A Caixa Geral de Aposentações negou o pedido de reforma a uma magistrada que sofre da doença bipolar, condição que alterna períodos de euforia e depressão.
A junta médica que analisou o caso reconheceu a incapacidade mas considera-a parcial e não definitiva.
A magistrada afirmou à televisão que não se sente capaz de julgar e não vai voltar a fazê-lo.
A juíza esteve de baixa durante mais de um ano e hoje voltou aos Juízos Criminais da capital, e é com convicção que diz: «Não vou mais julgar».
Há cerca de dois anos, durante um caso de negligência médica, a juíza começou a sentir ódio pelas testemunhas e as audiências eram-lhe intoleráveis.
A magistrada sentiu que estava a prejudicar o seu trabalho e a pôr em causa um dos princípios basilares da magistratura – o da imparcialidade.
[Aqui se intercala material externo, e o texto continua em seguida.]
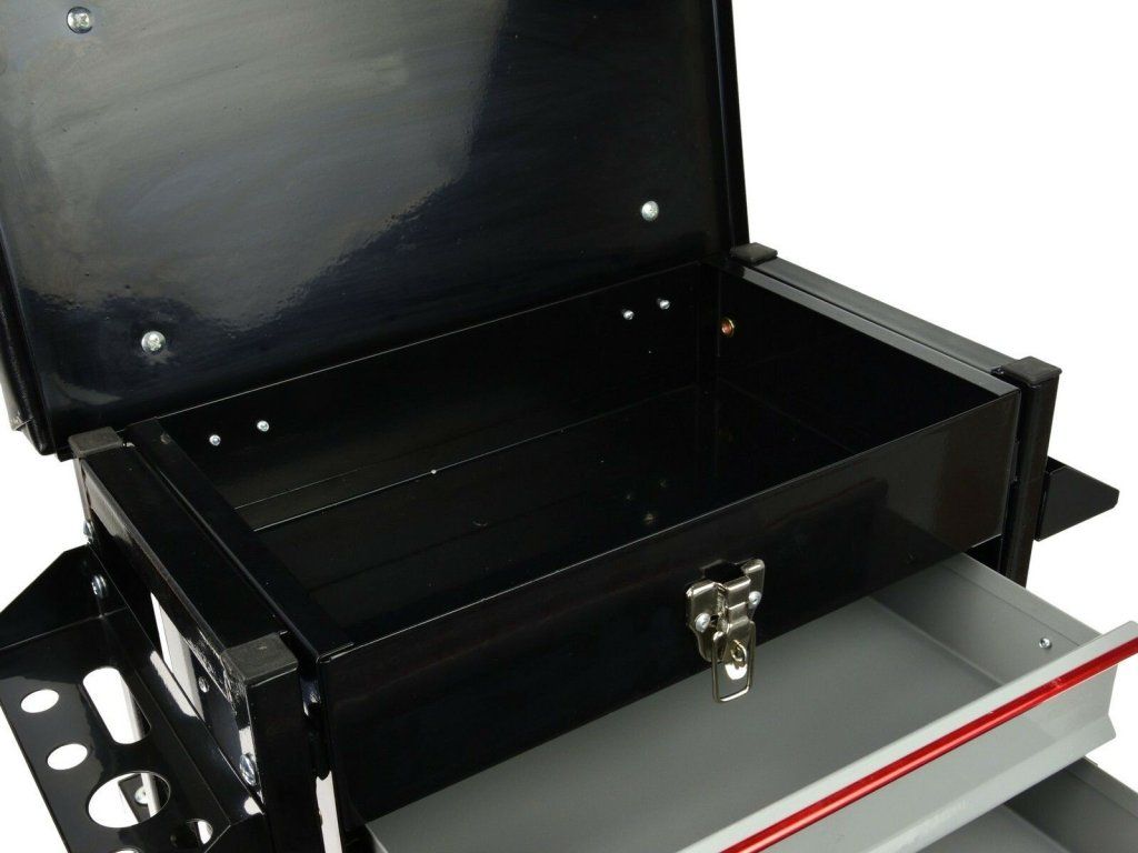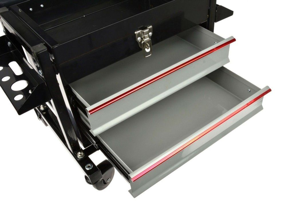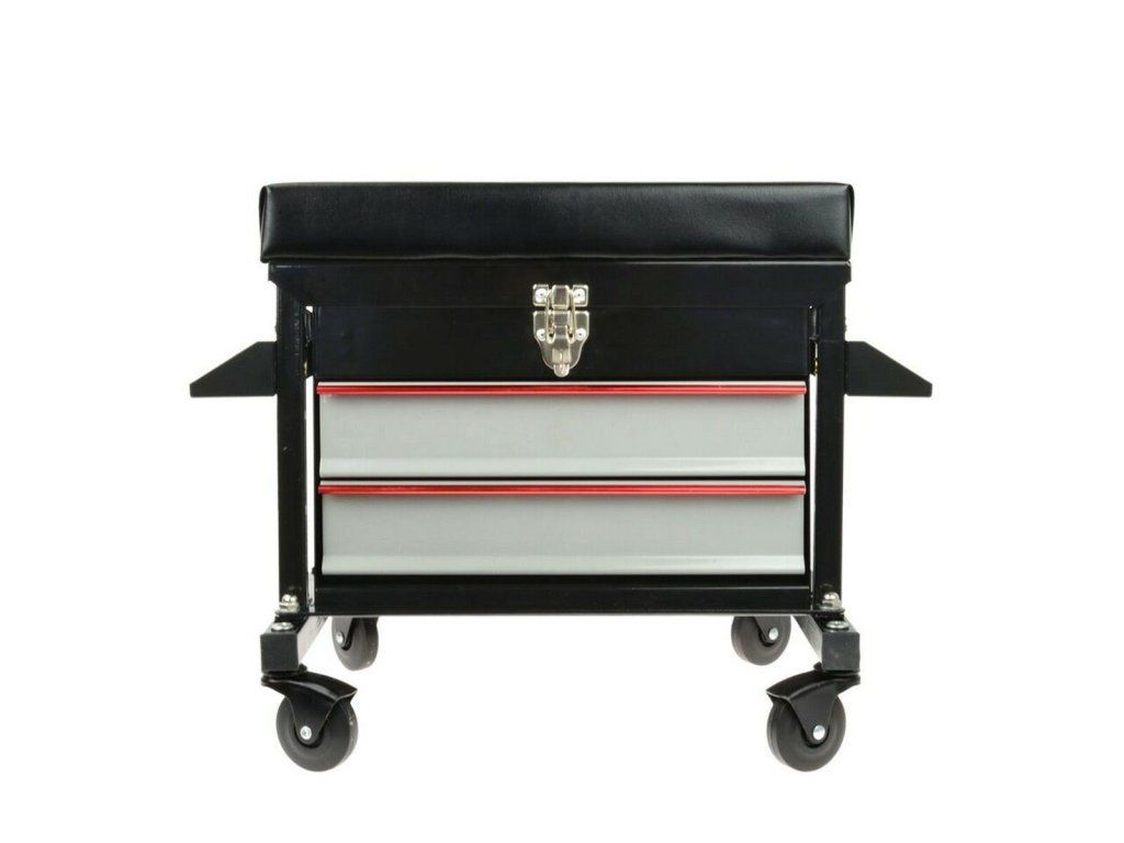 Montážní dílenská stolička s 2 zásuvkami a odkládacím prostorem je skvělým doplňkem každé dílny a autoservisu. Židle je vyrobena z pevné ocelové konstrukce a je vybavena měkkým komfortním sedátkem potaženým koženkou. Pod sedadlem montážní židle se nachází uzavíratelný odkládací prostor a dvě zásuvky, na bocích jsou dva úchyty s otvory na odkládání nářadí jako jsou šroubováky nebo ráčny.

Apercebendo-se de que não podia continuar a fazer o trabalho devido à doença bipolar (alterações bruscas de humor entre picos de depressão e euforia), pediu reforma ao Conselho Superior da Magistratura e que aceitou o pedido e que conforme à lei reencaminhou o pedido para a Caixa Geral de Aposentações.
O parecer da junta médica é de que as capacidades da juíza estão parcialmente reduzidas, mas que a magistrada não está definitivamente incapaz para a profissão.